I’d rather be doing something else right now, but I’m writing.

I’d rather be making something right now, exploring one of the 74 ideas I just thought of, or going on an adventure. But I’m writing.

My least favorite subject in school was English. I loved the teachers, I still remember the books we read, but I hated writing the essays. I increased the required double spacing to 2.1 and found the fonts that made a 1.5 page essay into 2 pages. In college, I jumped through hoops to get a writing requirement paired with my ceramics class so I could get away with writing as little as possible. 

It’s just hard for me to sit and write out thoughts. Not because I’m void of reflections, ideas, or my own “aha moments,” I’m just not wired with the desire or discipline to sit still long enough to find the right words to untangle scattered thoughts into something that’s comprehensible. Writing requires you to slow down, think through one thing at a time, and in this exact moment I’m thinking through this week’s meal prep, materials I need to get for an outdoor planter I’m making, advent devotional content I need to do for work, freelance projects for the week, laundry I need to do before my son’s swim class tonight, and… you get the idea. I’m sure that triggered your own to-do list while you’re slowing down enough to read this. Slowing down and focusing is hard, it takes practice, and it’s not how we operate in 2022 anymore. 

Because I’m not naturally inclined to write and I’m out of practice in the art of slowing down, everything I type out I doubt. After every thought, I circle through the same questions: Does this even make sense? Where did I miss the Oxford comma? Now that I’ve put words to thoughts and ideas, does it even matter? Does anyone care?

Here’s the answer I keep landing on to the later questions - I’m not sure if anyone else cares or not, but either way, it does matter.

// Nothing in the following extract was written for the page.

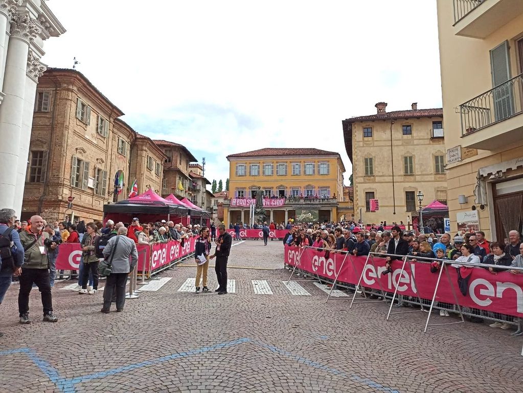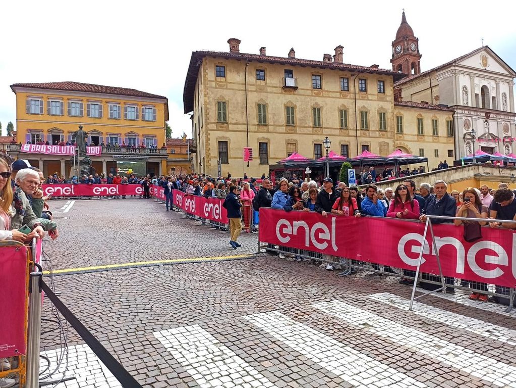 E Giro sia. Tutto pronto a Bra per la partenza della 12ª tappa della corsa rosa edizione 2013, al via alle 12.30 di oggi da una città della Zizzola che, a due ore dalla partenza, si presenta gremita di appassionati, famiglie e tanti bambini, complice anche la chiusura delle scuole decisa dal Comune per dare il proprio benvenuto alla manifestazione, che torna su queste strade a quarto di secolo dal suo ultimo passaggio nella capitale del Roero, la Bra-Borgo San Dalmazzo del 1999.

My thoughts, my process, my ideas, my journey, my heart, my perspective, my contribution to the people and the world around me matters. While I work on growing my writing muscles, I’m also growing my ability to trust my instincts, acknowledge gifts and abilities God has given me for purposes greater than me, and be unapologetic for how God has made me. I am a creative, passionate, follower of Jesus with encouragement, insight, and valuable perspective to share with others. Maybe one day I can add thoughtful, provoking writer to the list.